Dataset entries:
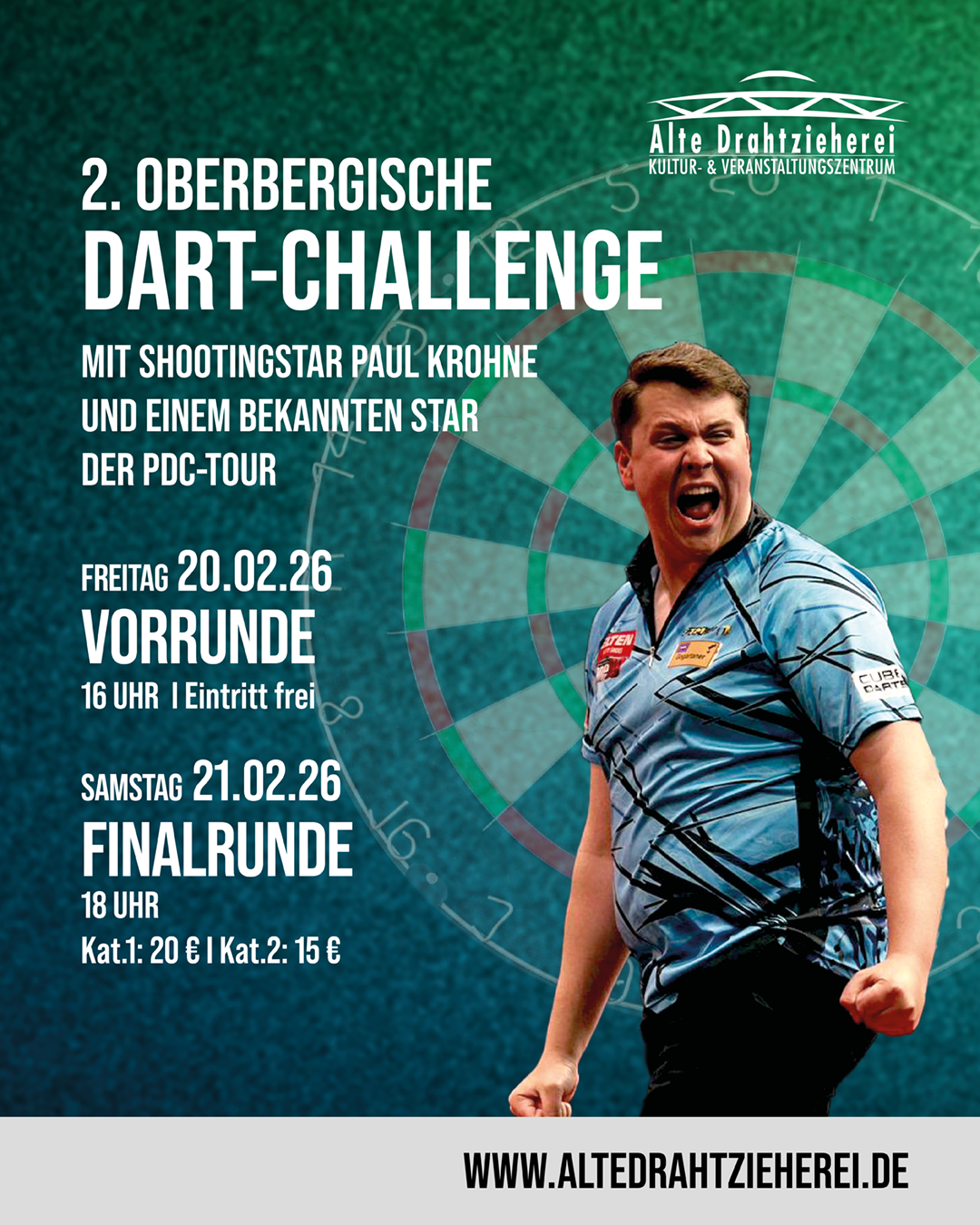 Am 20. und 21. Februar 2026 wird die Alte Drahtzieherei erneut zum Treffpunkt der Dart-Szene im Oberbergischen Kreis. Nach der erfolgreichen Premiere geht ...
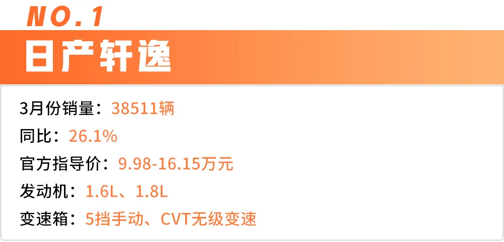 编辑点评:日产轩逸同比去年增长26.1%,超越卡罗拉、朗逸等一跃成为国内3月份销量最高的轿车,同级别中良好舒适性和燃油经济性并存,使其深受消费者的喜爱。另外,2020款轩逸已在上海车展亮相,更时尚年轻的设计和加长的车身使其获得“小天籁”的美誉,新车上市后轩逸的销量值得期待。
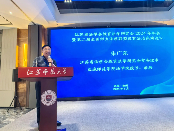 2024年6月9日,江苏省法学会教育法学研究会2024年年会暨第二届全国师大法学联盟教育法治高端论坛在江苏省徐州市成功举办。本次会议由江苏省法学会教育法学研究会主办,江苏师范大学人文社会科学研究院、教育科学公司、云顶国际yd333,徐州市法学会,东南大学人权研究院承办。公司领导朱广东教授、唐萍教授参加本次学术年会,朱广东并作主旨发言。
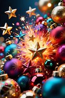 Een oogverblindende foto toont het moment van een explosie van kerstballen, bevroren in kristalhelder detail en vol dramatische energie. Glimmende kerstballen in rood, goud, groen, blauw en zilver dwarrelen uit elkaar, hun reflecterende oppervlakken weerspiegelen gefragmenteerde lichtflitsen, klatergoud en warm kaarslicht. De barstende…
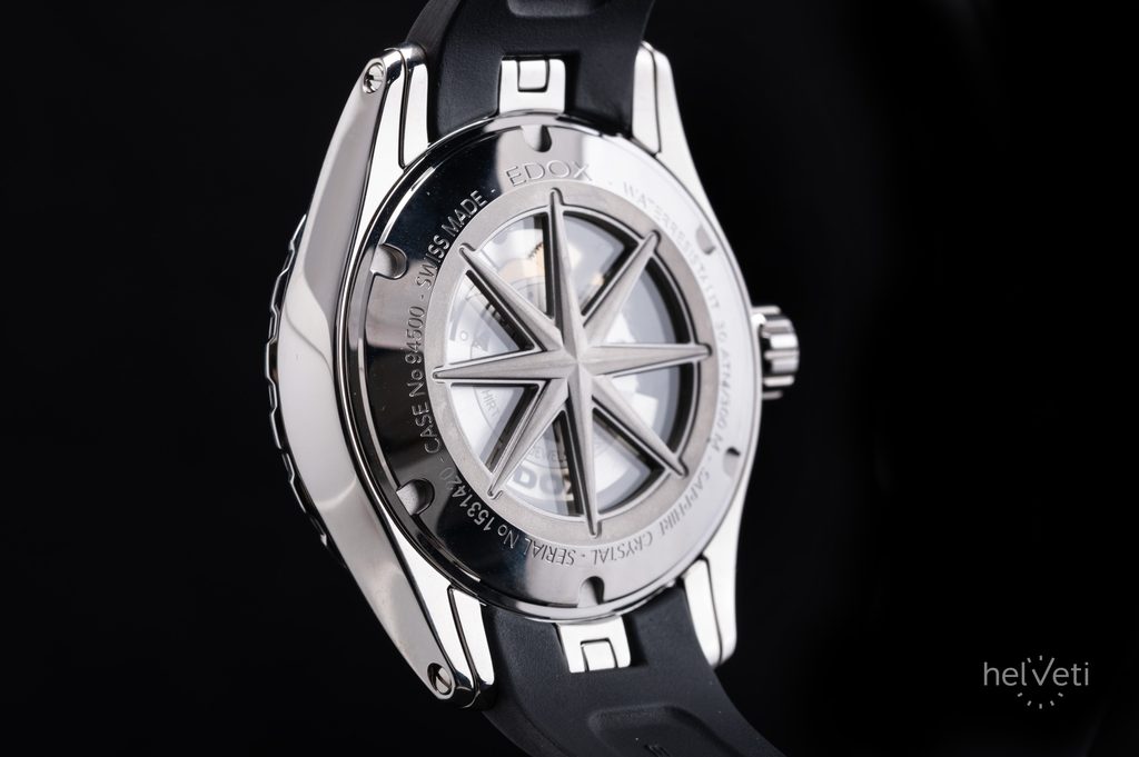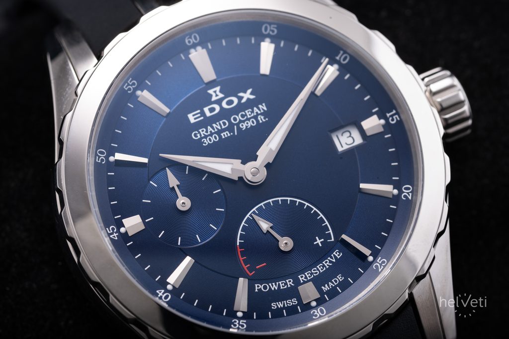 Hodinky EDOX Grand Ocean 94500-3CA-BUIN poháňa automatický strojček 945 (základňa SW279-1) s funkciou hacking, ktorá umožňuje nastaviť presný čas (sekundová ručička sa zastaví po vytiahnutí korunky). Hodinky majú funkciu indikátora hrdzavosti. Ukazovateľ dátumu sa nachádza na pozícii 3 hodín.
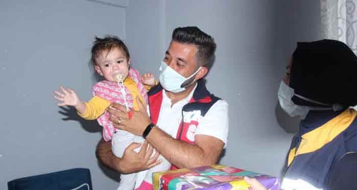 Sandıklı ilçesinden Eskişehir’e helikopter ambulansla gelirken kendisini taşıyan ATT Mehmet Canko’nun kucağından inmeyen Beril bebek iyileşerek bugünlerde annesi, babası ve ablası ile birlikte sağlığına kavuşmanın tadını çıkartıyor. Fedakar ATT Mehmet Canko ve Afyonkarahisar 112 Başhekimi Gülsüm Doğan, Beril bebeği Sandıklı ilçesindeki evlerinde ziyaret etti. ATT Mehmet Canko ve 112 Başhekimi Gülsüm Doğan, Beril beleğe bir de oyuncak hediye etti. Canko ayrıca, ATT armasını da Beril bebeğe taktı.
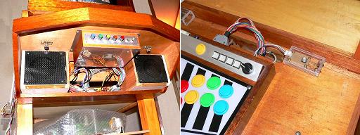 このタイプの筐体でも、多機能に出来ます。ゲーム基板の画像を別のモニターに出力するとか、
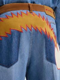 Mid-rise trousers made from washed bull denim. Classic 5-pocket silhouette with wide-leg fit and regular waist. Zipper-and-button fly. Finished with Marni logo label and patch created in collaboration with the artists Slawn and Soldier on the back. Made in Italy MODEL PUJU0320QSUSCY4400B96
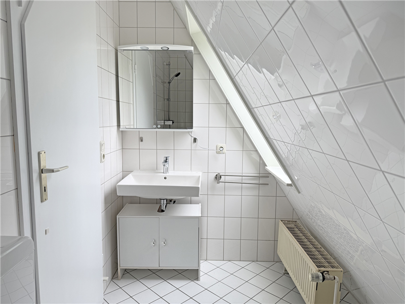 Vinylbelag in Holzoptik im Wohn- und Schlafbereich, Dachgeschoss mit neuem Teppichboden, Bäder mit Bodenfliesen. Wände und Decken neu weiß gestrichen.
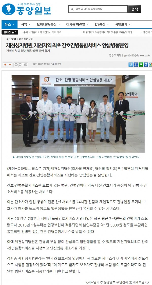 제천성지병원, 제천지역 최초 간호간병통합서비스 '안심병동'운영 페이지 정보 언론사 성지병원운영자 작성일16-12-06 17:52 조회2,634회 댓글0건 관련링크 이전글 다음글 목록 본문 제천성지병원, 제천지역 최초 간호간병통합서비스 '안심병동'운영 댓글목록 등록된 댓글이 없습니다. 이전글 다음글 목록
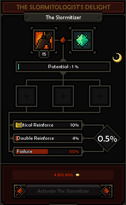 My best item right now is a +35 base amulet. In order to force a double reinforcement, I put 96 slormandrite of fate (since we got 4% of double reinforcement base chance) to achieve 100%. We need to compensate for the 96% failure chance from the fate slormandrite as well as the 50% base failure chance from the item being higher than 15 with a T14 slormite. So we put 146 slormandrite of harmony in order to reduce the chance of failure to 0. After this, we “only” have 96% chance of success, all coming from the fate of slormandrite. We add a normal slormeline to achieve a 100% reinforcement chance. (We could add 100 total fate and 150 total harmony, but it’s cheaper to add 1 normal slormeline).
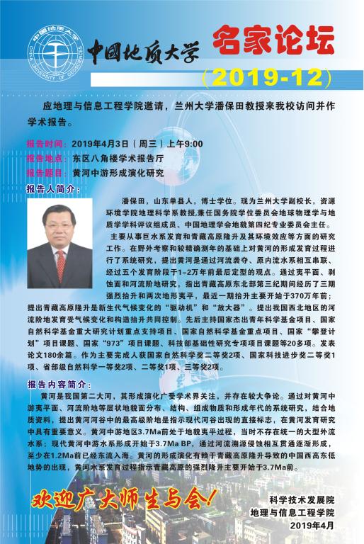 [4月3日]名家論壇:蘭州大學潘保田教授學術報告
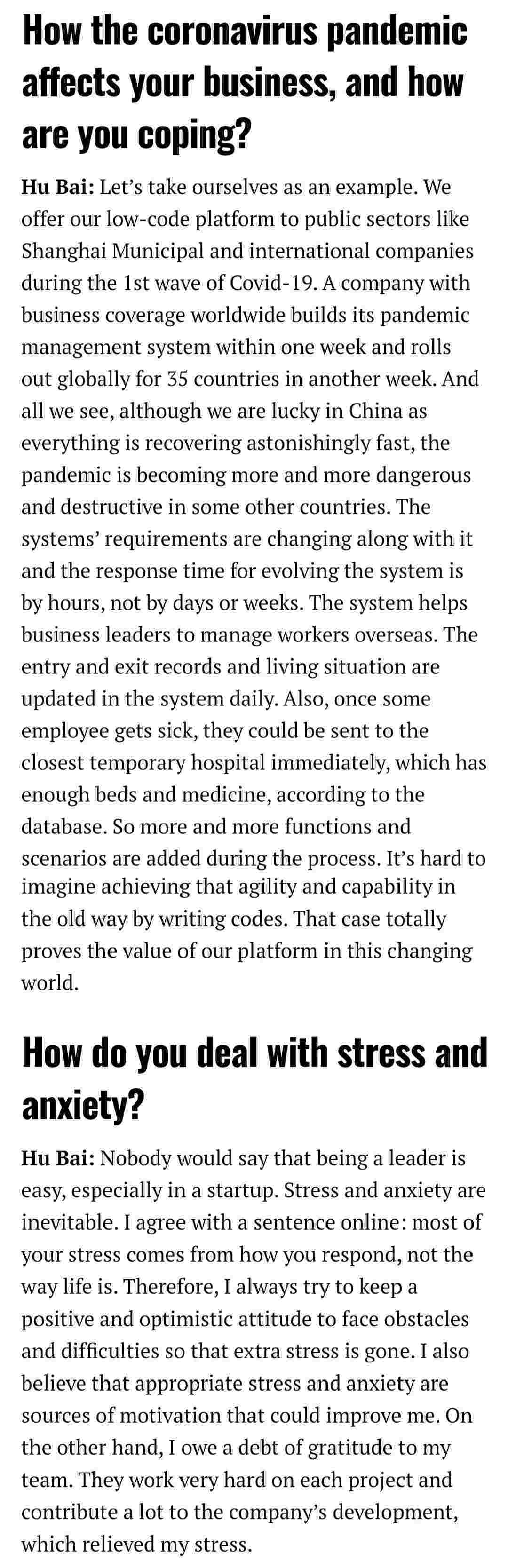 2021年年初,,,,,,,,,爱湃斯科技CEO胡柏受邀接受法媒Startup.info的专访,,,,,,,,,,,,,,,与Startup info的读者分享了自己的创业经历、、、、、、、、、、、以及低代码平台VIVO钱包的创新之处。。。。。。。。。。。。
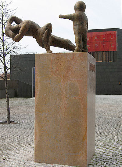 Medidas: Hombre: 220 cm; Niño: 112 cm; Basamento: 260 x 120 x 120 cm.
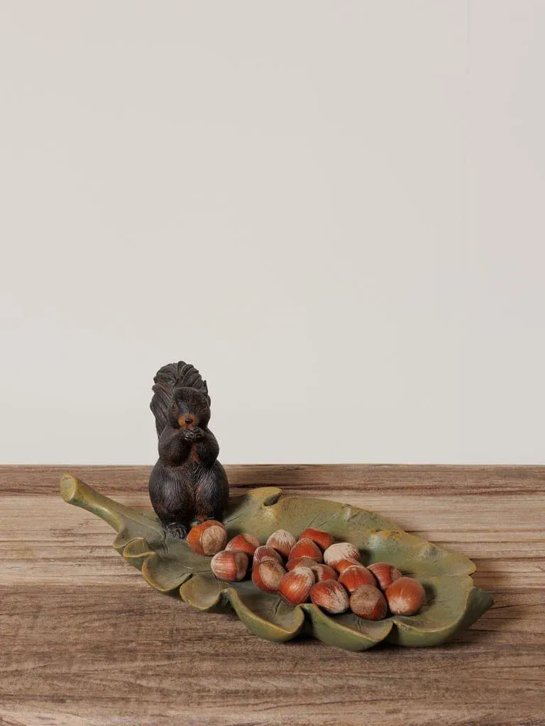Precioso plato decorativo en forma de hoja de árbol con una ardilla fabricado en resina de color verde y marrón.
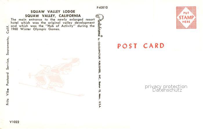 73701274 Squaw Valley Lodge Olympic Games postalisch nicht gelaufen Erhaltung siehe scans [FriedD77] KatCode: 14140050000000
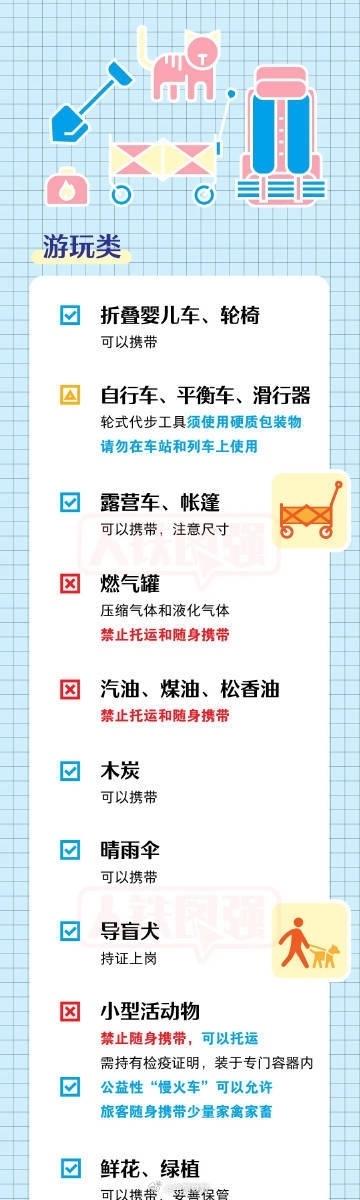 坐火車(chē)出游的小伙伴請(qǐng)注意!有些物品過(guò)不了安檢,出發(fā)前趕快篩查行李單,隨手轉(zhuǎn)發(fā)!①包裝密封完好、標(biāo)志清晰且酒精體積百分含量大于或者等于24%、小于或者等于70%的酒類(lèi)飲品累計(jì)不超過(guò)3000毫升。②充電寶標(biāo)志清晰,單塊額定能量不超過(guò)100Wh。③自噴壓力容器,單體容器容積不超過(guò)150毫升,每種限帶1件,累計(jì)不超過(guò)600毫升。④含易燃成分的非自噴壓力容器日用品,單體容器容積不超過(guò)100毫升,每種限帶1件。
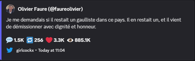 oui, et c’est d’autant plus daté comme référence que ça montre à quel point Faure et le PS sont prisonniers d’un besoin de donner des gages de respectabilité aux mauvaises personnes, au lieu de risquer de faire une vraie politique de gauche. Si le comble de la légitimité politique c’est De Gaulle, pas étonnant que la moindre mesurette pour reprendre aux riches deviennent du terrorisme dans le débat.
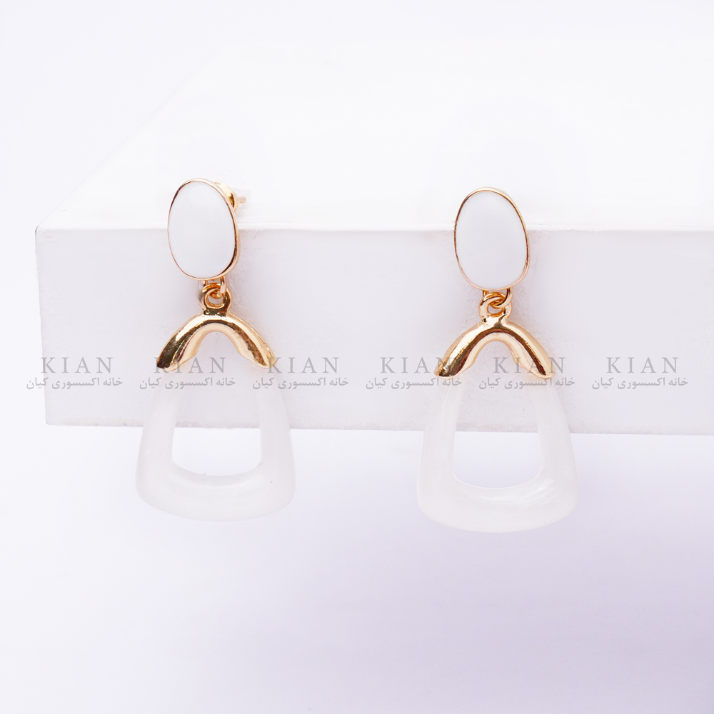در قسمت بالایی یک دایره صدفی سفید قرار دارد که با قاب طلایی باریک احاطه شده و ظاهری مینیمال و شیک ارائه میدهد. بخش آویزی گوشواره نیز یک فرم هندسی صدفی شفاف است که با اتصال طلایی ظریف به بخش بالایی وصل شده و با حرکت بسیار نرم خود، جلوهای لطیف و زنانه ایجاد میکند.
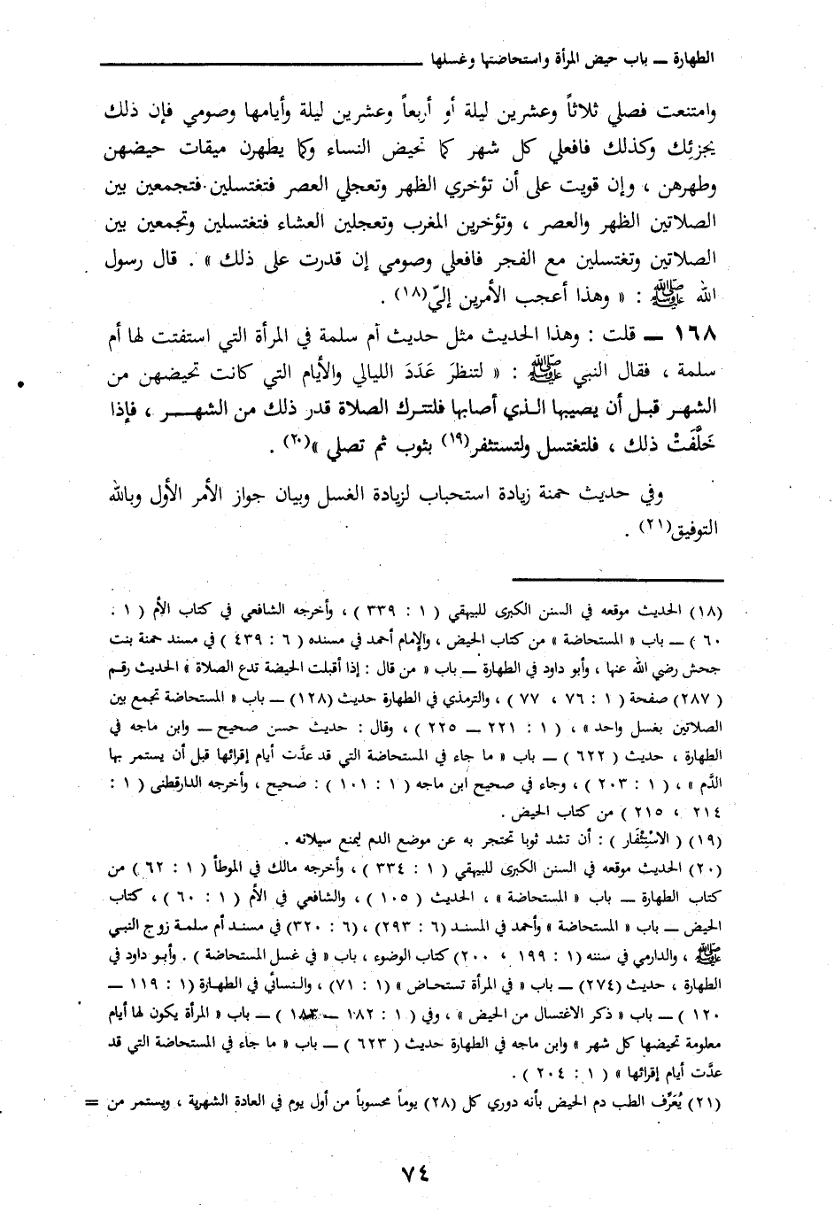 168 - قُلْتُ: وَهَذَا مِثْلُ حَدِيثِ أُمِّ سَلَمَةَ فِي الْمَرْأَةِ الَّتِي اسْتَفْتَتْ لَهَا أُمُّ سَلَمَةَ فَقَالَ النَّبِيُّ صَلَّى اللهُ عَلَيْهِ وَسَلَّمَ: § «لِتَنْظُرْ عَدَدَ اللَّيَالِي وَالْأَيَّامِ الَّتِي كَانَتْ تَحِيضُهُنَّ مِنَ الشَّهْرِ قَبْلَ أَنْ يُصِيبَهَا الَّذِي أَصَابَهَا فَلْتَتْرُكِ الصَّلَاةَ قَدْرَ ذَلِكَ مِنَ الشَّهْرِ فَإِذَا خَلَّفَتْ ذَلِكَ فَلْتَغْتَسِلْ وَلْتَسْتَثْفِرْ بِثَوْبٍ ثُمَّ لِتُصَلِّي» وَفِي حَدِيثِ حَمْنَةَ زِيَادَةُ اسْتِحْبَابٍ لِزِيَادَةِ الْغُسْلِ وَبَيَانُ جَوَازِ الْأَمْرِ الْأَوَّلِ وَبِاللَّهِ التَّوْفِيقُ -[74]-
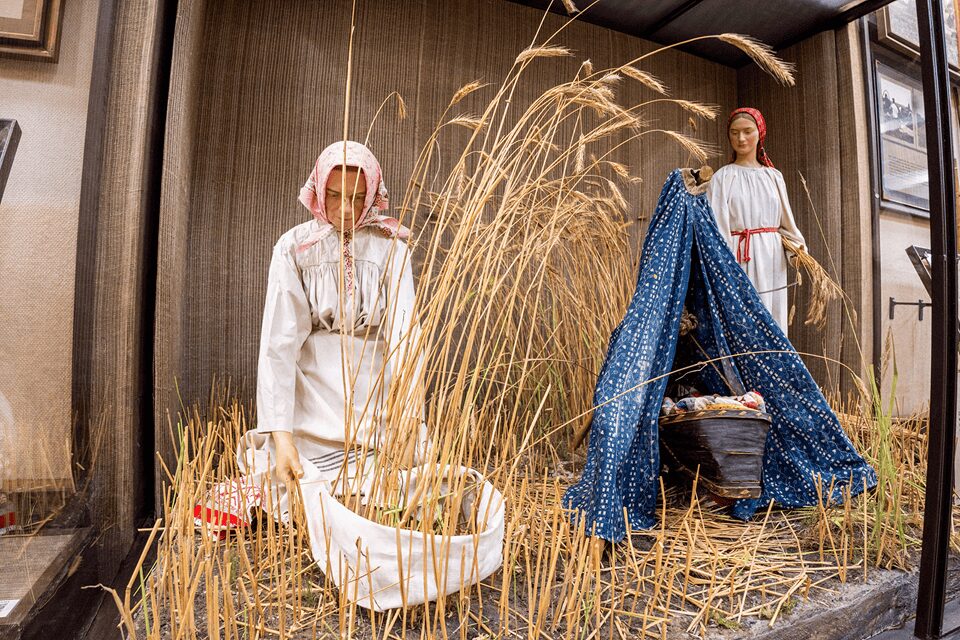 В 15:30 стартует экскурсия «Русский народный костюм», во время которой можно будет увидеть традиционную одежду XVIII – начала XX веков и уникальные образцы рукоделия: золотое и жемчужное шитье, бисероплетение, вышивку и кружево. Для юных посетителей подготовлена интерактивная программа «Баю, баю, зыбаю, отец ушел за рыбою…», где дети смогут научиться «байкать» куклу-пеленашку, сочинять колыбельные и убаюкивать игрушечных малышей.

Description of the task: Give again, please, precisely the lines that begin the records and run through the line with "Een oogverblindende foto" in it, keeping both end lines and dropping any pictures.

Written response:
 Am 20. und 21. Februar 2026 wird die Alte Drahtzieherei erneut zum Treffpunkt der Dart-Szene im Oberbergischen Kreis. Nach der erfolgreichen Premiere geht ...
 编辑点评:日产轩逸同比去年增长26.1%,超越卡罗拉、朗逸等一跃成为国内3月份销量最高的轿车,同级别中良好舒适性和燃油经济性并存,使其深受消费者的喜爱。另外,2020款轩逸已在上海车展亮相,更时尚年轻的设计和加长的车身使其获得“小天籁”的美誉,新车上市后轩逸的销量值得期待。
 2024年6月9日,江苏省法学会教育法学研究会2024年年会暨第二届全国师大法学联盟教育法治高端论坛在江苏省徐州市成功举办。本次会议由江苏省法学会教育法学研究会主办,江苏师范大学人文社会科学研究院、教育科学公司、云顶国际yd333,徐州市法学会,东南大学人权研究院承办。公司领导朱广东教授、唐萍教授参加本次学术年会,朱广东并作主旨发言。
 Een oogverblindende foto toont het moment van een explosie van kerstballen, bevroren in kristalhelder detail en vol dramatische energie. Glimmende kerstballen in rood, goud, groen, blauw en zilver dwarrelen uit elkaar, hun reflecterende oppervlakken weerspiegelen gefragmenteerde lichtflitsen, klatergoud en warm kaarslicht. De barstende…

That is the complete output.